A continuing unknown is the long-term effect of past infection. We do know that virus is found in many organs on autopsy; a trend likely exacerbated by Omicron as a result of its reduced ACE2/TMPRSS dependency. A 1/2/2022 University of Waterloo Canadian paper suggests that executive function is significantly affected during post-acute COVID-19 recovery, but we do not yet know what circumstances drive vulnerability to Long COVID-19, nor what types of infection cause it.
This is one of the big research questions that will take time to answer – to what extent does Omicron infection lead to various forms of Long COVID? What biological phenomena are driving the chronic symptoms? How many people will be affected, and for how long? What kind of symptoms will they have to endure?
It will take time to gather data to help us understand what’s going on.

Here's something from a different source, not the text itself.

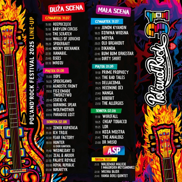W 2025 roku na Dużej Scenie zobaczymy m.in. legendy metalu (Paradise Lost, Fear Factory), gwiazdy rocka (Wolfmother, Agnostic Front) czy polskie kultowe grupy (jubileusz Huntera, finałowy koncert Ich Troje ze Złotym Bączkiem).

It has been 100 years since the devastating 1918-1921 Influenza pandemic. That avian H1N1 virus infected one-third of the global population, with nearly 5% mortality among younger adults. We have been fortunate that COVID-19 has had a relatively low mortality rate of 1-2%, but it is clear that 21st century travel and COVID-19 show that infection can spread quickly to more than just one third of the global population – by the time this pandemic is over, 70-80% of the global population will have been exposed, infected and/or vaccinated.
We have been negligent preparing for inevitable waves of epidemic infections. We have few effective viral therapies in hand. We are rapidly exhausting the antibiotics that have protected us from bacteria scourges for the past 70 years.
Given that it is highly unlikely that COVID-19 disappears, we are beginning the transition to an influenza-like endemic COVID: a continuing threat of more virulent mutation-fueled outbreaks driving ever-present danger to the respiratory impaired and those with compromised immunity.
The last 50 years have taught us that animal reservoir pathogens can mutate and spread without warning — we cannot allow ourselves to fall under the spell of complacency ever again.